*What this task involves*.
Output the records precisely as they stand. Pictures are to be skipped.

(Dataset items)
- - - -
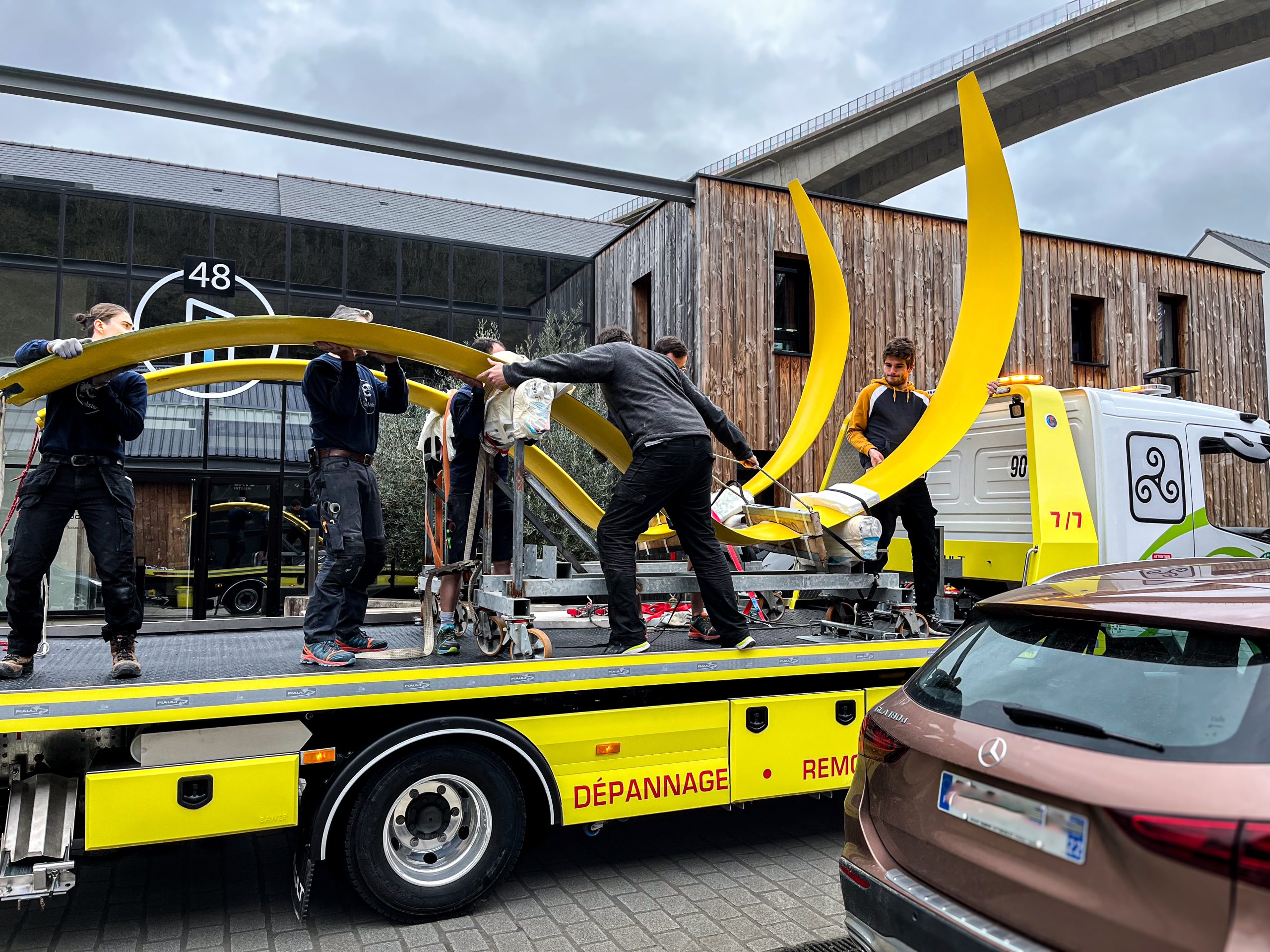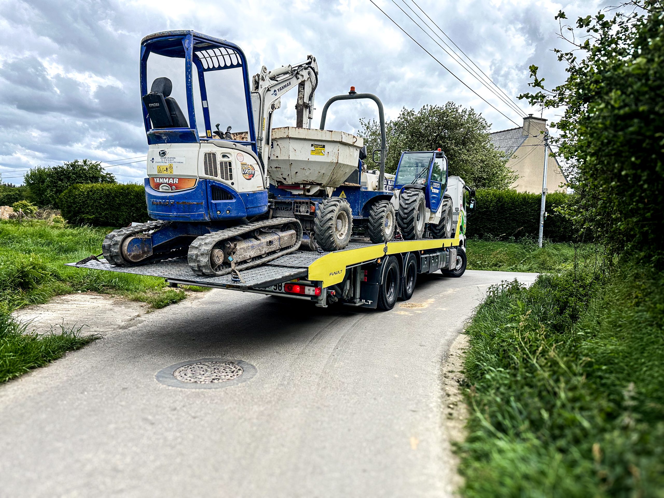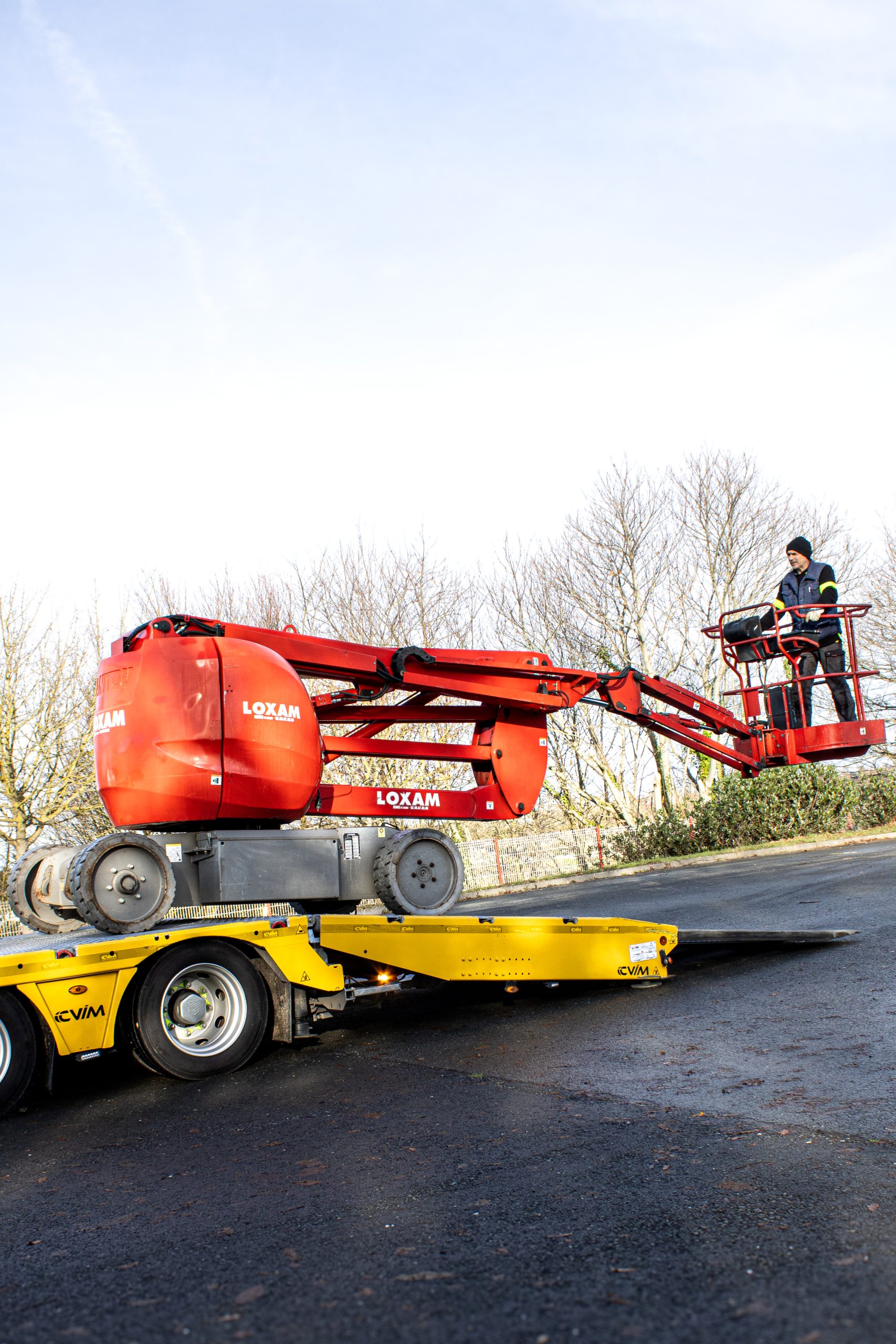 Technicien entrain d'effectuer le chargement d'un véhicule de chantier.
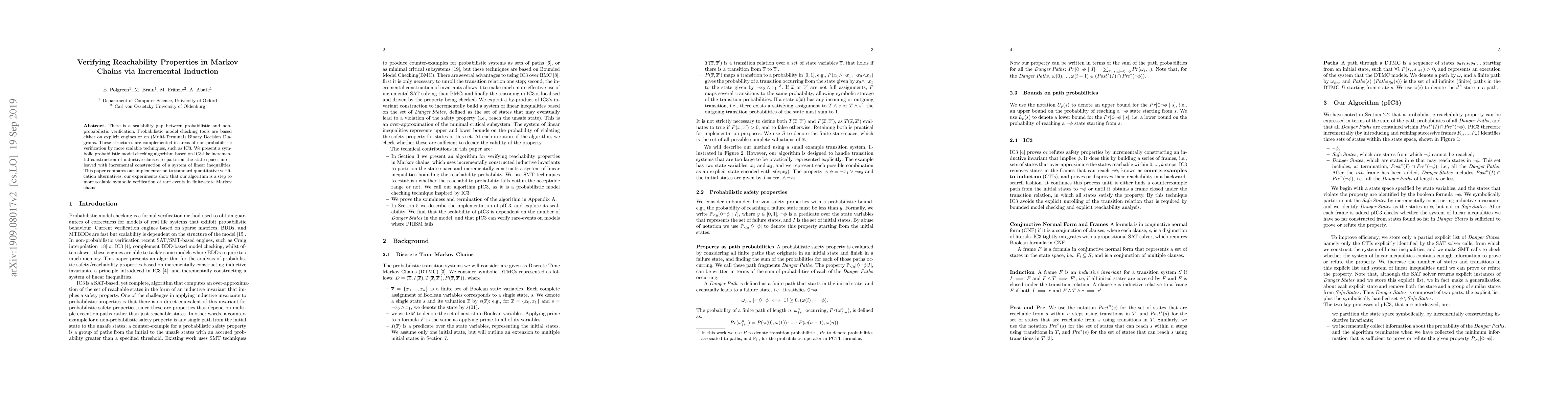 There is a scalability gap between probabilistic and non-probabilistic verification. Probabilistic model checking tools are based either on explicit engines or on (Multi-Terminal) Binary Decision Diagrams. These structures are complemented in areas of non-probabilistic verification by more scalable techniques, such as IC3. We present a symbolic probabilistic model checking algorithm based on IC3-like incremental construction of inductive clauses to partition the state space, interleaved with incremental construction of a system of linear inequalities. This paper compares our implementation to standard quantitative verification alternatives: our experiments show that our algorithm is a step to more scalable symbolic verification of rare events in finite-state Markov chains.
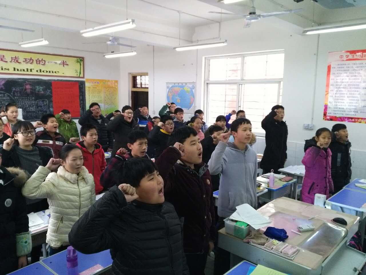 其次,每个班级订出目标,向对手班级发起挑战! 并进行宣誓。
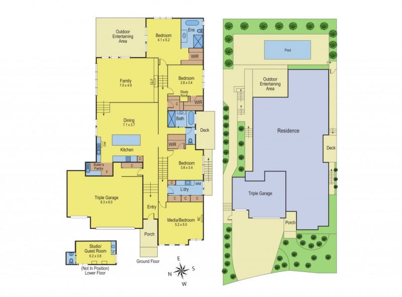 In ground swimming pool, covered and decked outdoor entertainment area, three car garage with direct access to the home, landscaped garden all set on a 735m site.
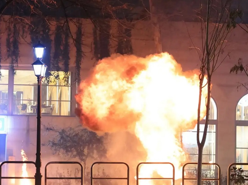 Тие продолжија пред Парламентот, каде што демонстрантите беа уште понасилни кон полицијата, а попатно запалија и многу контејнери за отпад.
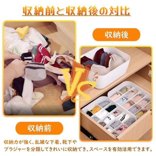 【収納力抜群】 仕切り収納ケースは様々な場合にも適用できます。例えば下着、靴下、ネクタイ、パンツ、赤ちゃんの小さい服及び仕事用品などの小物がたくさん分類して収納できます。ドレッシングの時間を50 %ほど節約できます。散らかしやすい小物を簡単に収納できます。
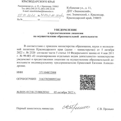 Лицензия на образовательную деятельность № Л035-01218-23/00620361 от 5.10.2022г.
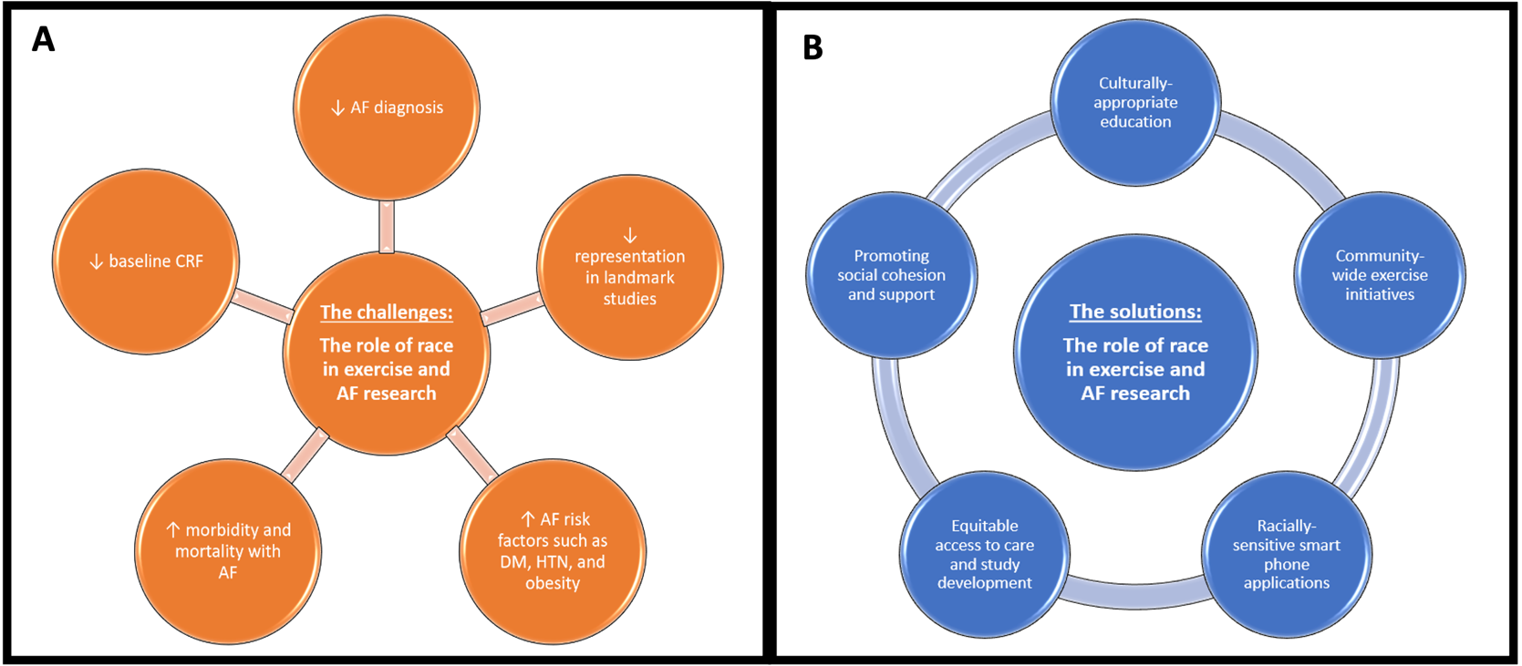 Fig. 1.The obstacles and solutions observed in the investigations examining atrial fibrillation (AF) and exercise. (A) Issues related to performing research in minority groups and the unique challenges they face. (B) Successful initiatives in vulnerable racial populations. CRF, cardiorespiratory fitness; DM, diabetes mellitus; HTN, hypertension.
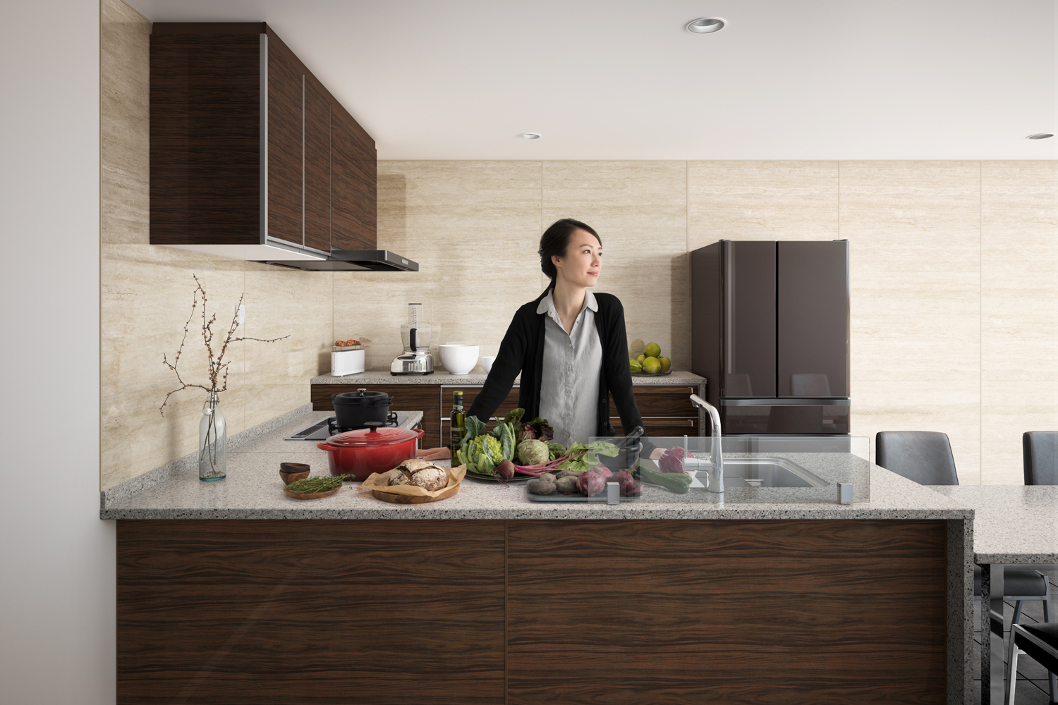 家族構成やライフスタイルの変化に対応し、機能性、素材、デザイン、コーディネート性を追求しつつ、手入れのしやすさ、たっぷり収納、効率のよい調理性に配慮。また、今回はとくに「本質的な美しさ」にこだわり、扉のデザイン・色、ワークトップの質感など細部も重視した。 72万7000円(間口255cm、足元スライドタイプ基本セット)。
- - - -
*Worked solution*.
 Technicien entrain d'effectuer le chargement d'un véhicule de chantier.
 There is a scalability gap between probabilistic and non-probabilistic verification. Probabilistic model checking tools are based either on explicit engines or on (Multi-Terminal) Binary Decision Diagrams. These structures are complemented in areas of non-probabilistic verification by more scalable techniques, such as IC3. We present a symbolic probabilistic model checking algorithm based on IC3-like incremental construction of inductive clauses to partition the state space, interleaved with incremental construction of a system of linear inequalities. This paper compares our implementation to standard quantitative verification alternatives: our experiments show that our algorithm is a step to more scalable symbolic verification of rare events in finite-state Markov chains.
 其次,每个班级订出目标,向对手班级发起挑战! 并进行宣誓。
 In ground swimming pool, covered and decked outdoor entertainment area, three car garage with direct access to the home, landscaped garden all set on a 735m site.
 Тие продолжија пред Парламентот, каде што демонстрантите беа уште понасилни кон полицијата, а попатно запалија и многу контејнери за отпад.
 【収納力抜群】 仕切り収納ケースは様々な場合にも適用できます。例えば下着、靴下、ネクタイ、パンツ、赤ちゃんの小さい服及び仕事用品などの小物がたくさん分類して収納できます。ドレッシングの時間を50 %ほど節約できます。散らかしやすい小物を簡単に収納できます。
 Лицензия на образовательную деятельность № Л035-01218-23/00620361 от 5.10.2022г.
 Fig. 1.The obstacles and solutions observed in the investigations examining atrial fibrillation (AF) and exercise. (A) Issues related to performing research in minority groups and the unique challenges they face. (B) Successful initiatives in vulnerable racial populations. CRF, cardiorespiratory fitness; DM, diabetes mellitus; HTN, hypertension.
 家族構成やライフスタイルの変化に対応し、機能性、素材、デザイン、コーディネート性を追求しつつ、手入れのしやすさ、たっぷり収納、効率のよい調理性に配慮。また、今回はとくに「本質的な美しさ」にこだわり、扉のデザイン・色、ワークトップの質感など細部も重視した。 72万7000円(間口255cm、足元スライドタイプ基本セット)。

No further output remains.